Visualizing Neural Networks
But first, what is a neuron? Literally, think of them as a thing that holds some value in the context of Deep Learning. This value is typically between 0 and 1(glorifying the beauty of nature and computation that is driven by binary) as in a neuron being “activated” if the value is close to 1, else “least activated” if it’s close to zero. There are various mathematical functions that you can use for the activation of a neuron — I will discuss them later in a different article altogether. But, just remember, a neuron is a single computational unit that literally holds a value.
Artificial Neural Network
It is quite evident from this image that Deep Learning researchers had a knack for organizing these neurons vertically as “stacks” of “layers” while representing them in a computer. This structural organization of the layers is really important in the sense of architecture because even a tiny change in this structure will lead to a completely different result in the sense of learning. The image you see is the most basic ANN which does “Binary Classification”.

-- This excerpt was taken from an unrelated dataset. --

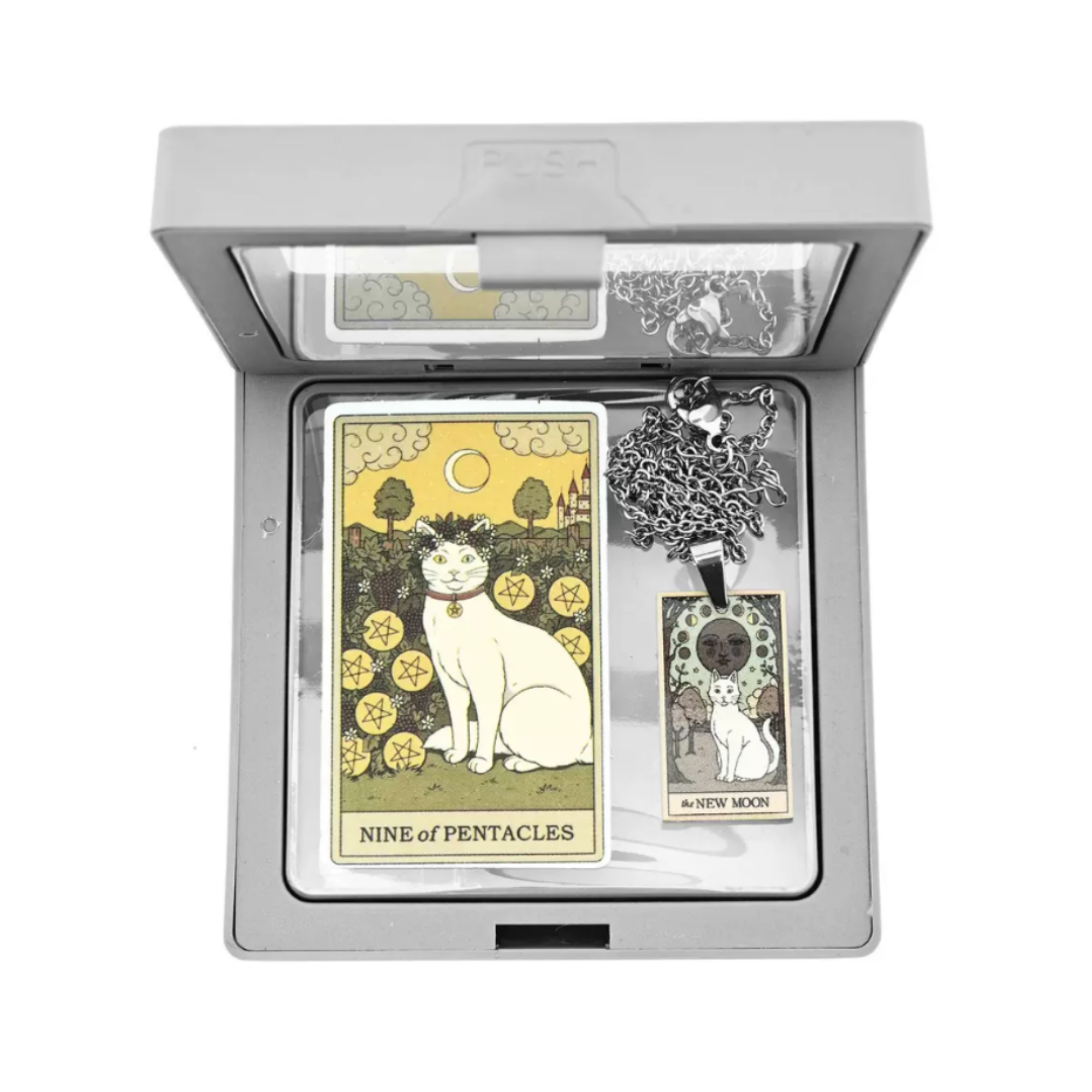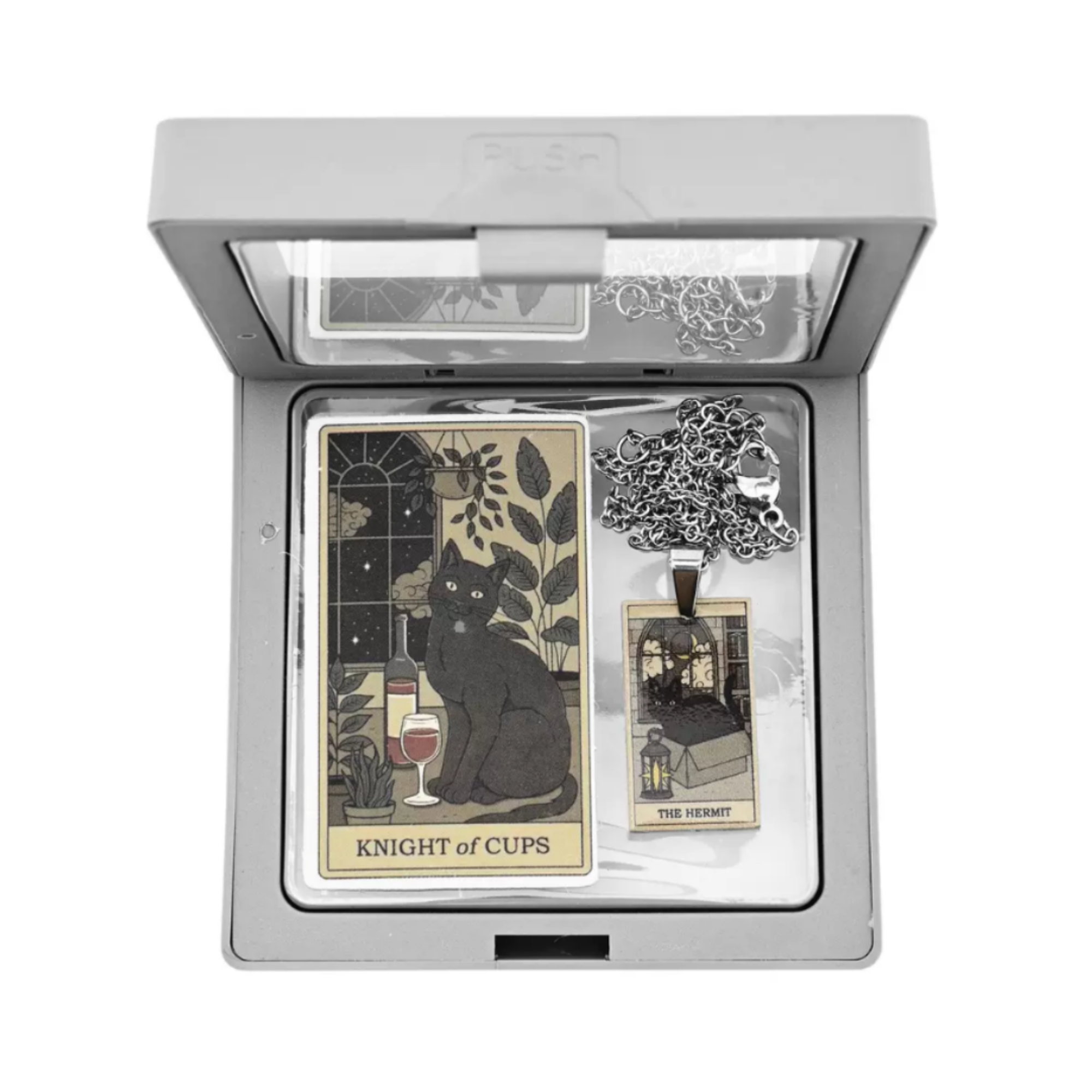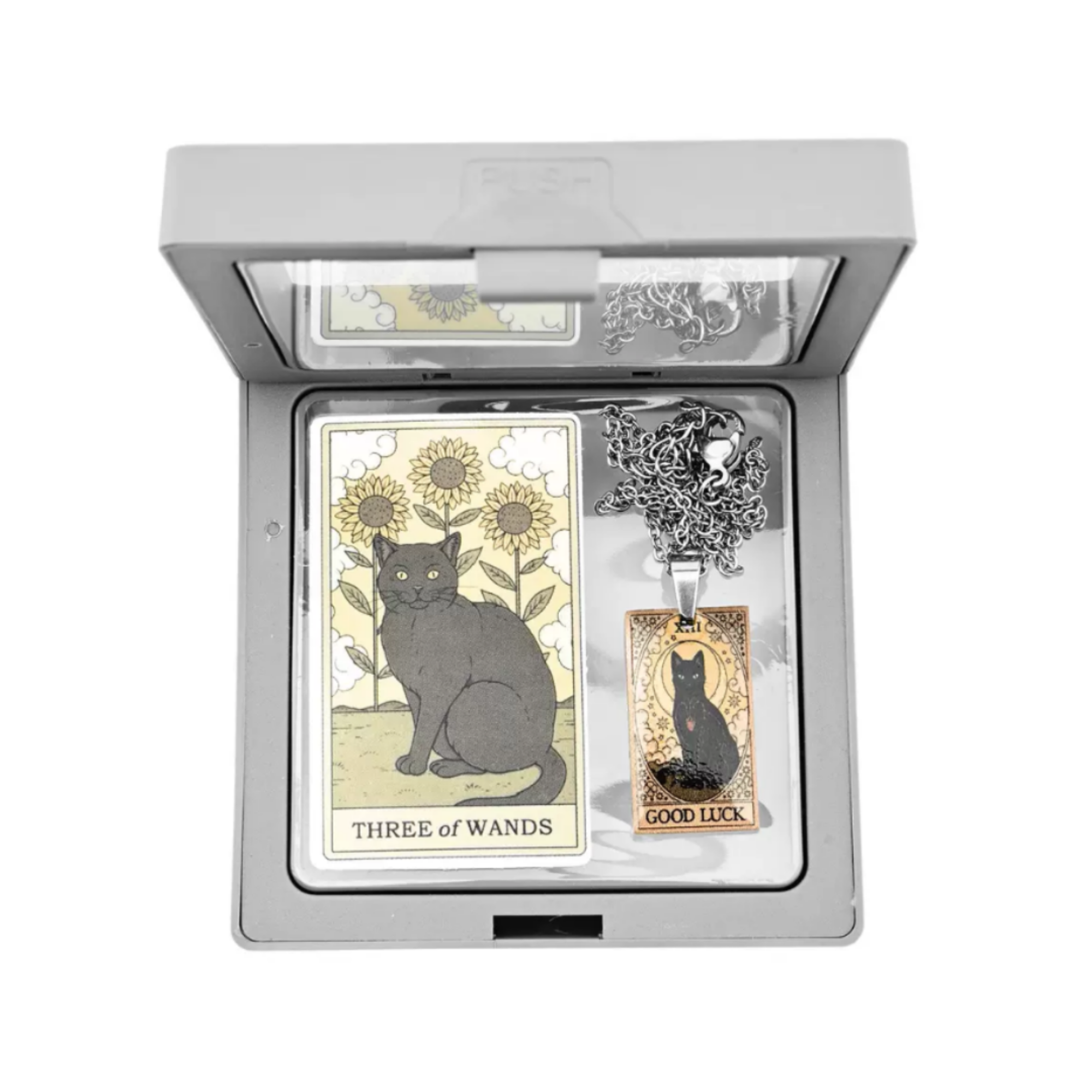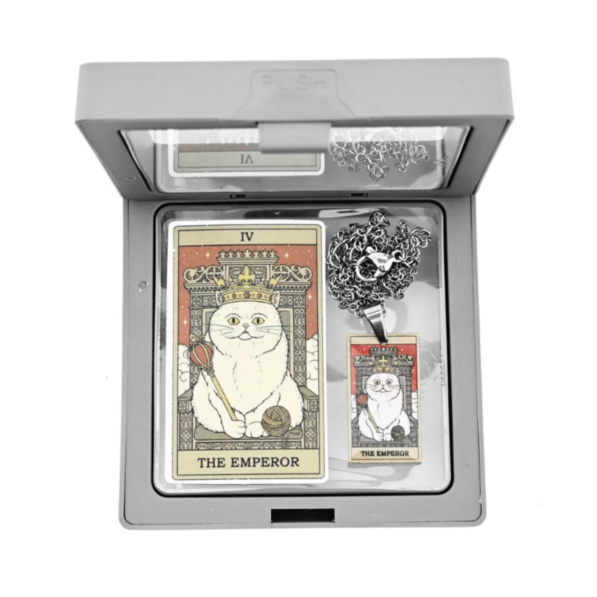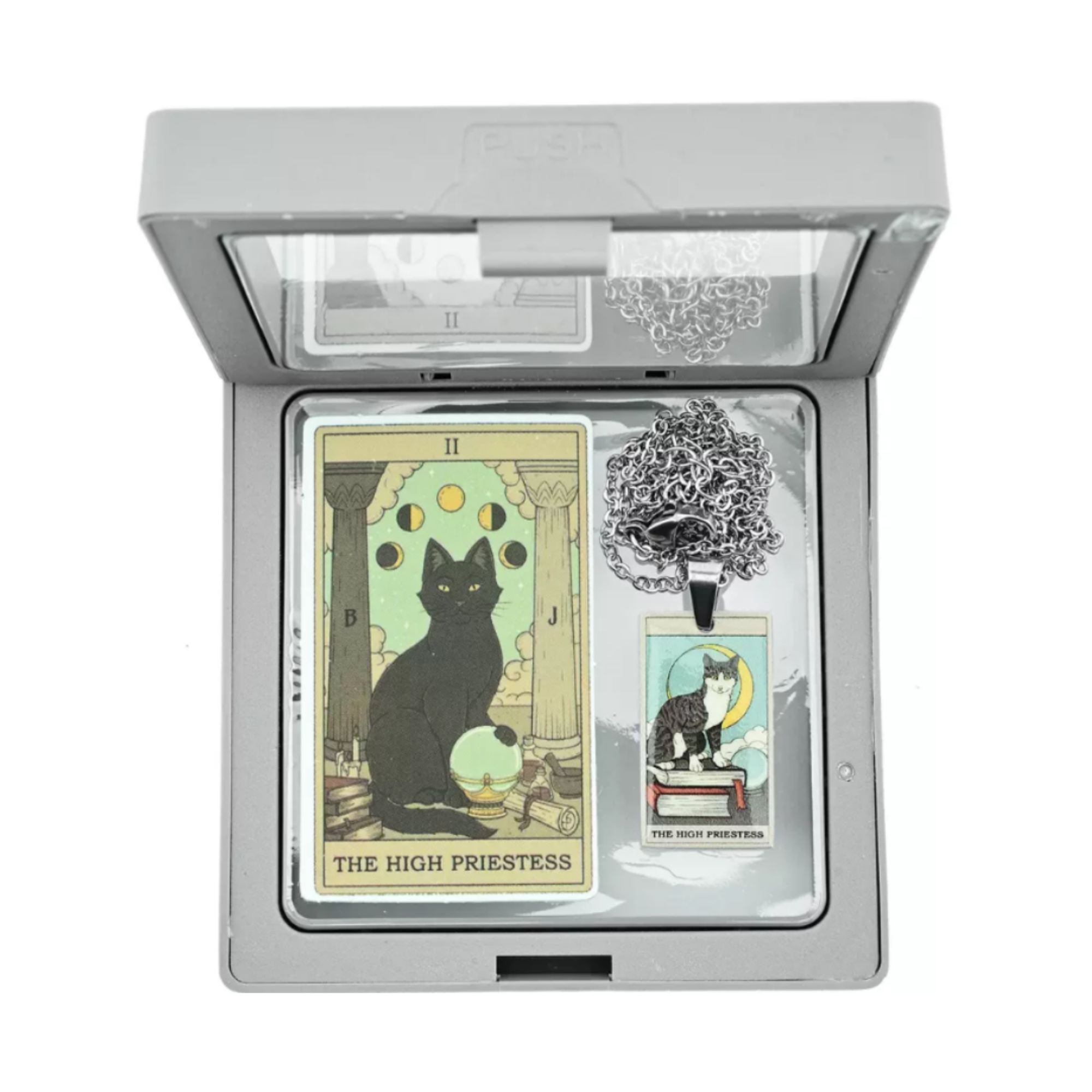 Box set of a necklace and the actual tarot card, it's the ideal gift for anyone who loves cats, cards, and a little cosmic magic.

Let us break down those “Input”, “Hidden”, and “Output” layers one by one.
- Input Layer — is always the first layer to which you input your data. This data can be of an image(literally, an array/list of pixel values), in that case, you would be doing image classification — For example, trying to recognize a cat in a given image. Again, it totally depends on the problem statement and you should choose the specific algorithm that yields better results.
- Hidden Layer(s) — There can be more than one hidden layer. In the above example, you observe that there exists only one hidden layer. These are literally called the hidden layer for the fact that the “learning” to “recognize” the patterns within your data happens within these layers.
- Output layer — As the name goes, this layer is the output of your algorithm. You can have as many neurons as you want to correspond to your output schema, but again, typically the output of a neural network is only one layer. If your output schema is 2 — That is you have two classes to predict either the image consists of a cat or dog, you can have two neurons representing these two classes. The higher the value that the neuron holds, the higher the probability that the data that you’ve provided is leaning towards that class(be it a cat or a dog).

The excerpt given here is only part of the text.